HONG KONG -- Chinese conglomerate Fosun International is seeking to raise more than $500 million from an initial public offering of shares in the tourism business it has built up around the Club Med resort chain.
In 2015, a consortium led by Fosun, among China's most active buyers of overseas assets, bought out Club Med for 916 million euros ($1.04 billion at current rates).
While the offering prospectus for Fosun Tourism Group shows it has been profitable at an operating level since 2016, Club Med has posted net losses since 2013 due to interest expenses.
Qian Jiannong, chairman and chief executive of Fosun Tourism, said Thursday however that the company returned to the black in the first nine months this year, without providing figures.
"Club Med before we got it was facing quite heavy debt," Qian said. "We have been able to turn the situation around."
Through June 30, the business posted a net loss of 134.61 million yuan on revenue of 6.67 billion yuan but it has redeemed convertible bonds and preference shares in recent months.
The planned offering of a 17.5% stake in Fosun Tourism, self-described as the world's largest "leisure tourism resort group" by revenue, is to start from Friday.
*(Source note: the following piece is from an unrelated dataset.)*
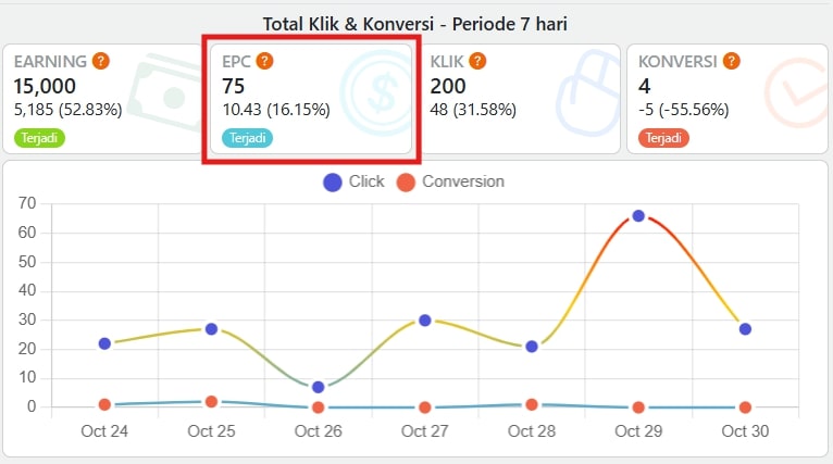 Dengan memantau angka EPC ini, kamu bisa menilai apakah performa konten kamu meningkat, stabil, atau menurun, dan membuat strategi yang lebih tepat untuk meningkatkan potensi konversi dan komisi.

Trading of the shares on the Stock Exchange of Hong Kong is scheduled to start on Dec. 14.
Fosun Tourism on Thursday unveiled three cornerstone investors in the IPO. Macau tourism and property company Shun Tak Holdings has pledged to put in $34 million. Alibaba Group Holding is investing $5 million. Suchuang Gas, a natural gas supplier in the eastern Chinese city of Taicang, where Fosun Tourism is building a resort project, is putting in 75 million Hong Kong dollars ($9.58 million).
Fosun Tourism set an expected IPO price range of HK$15.60 to HK$20 a share, which at the top end would result in proceeds of HK$4.13 billion.
Club Med, which was listed on Euronext Paris before the buyout, accounted for virtually all of Fosun Tourism's revenues and profits last year, but the company's operations include the new 11 billion yuan ($1.59 billion) Atlantis Sanya resort center on the Chinese holiday island of Hainan and various tourism services businesses.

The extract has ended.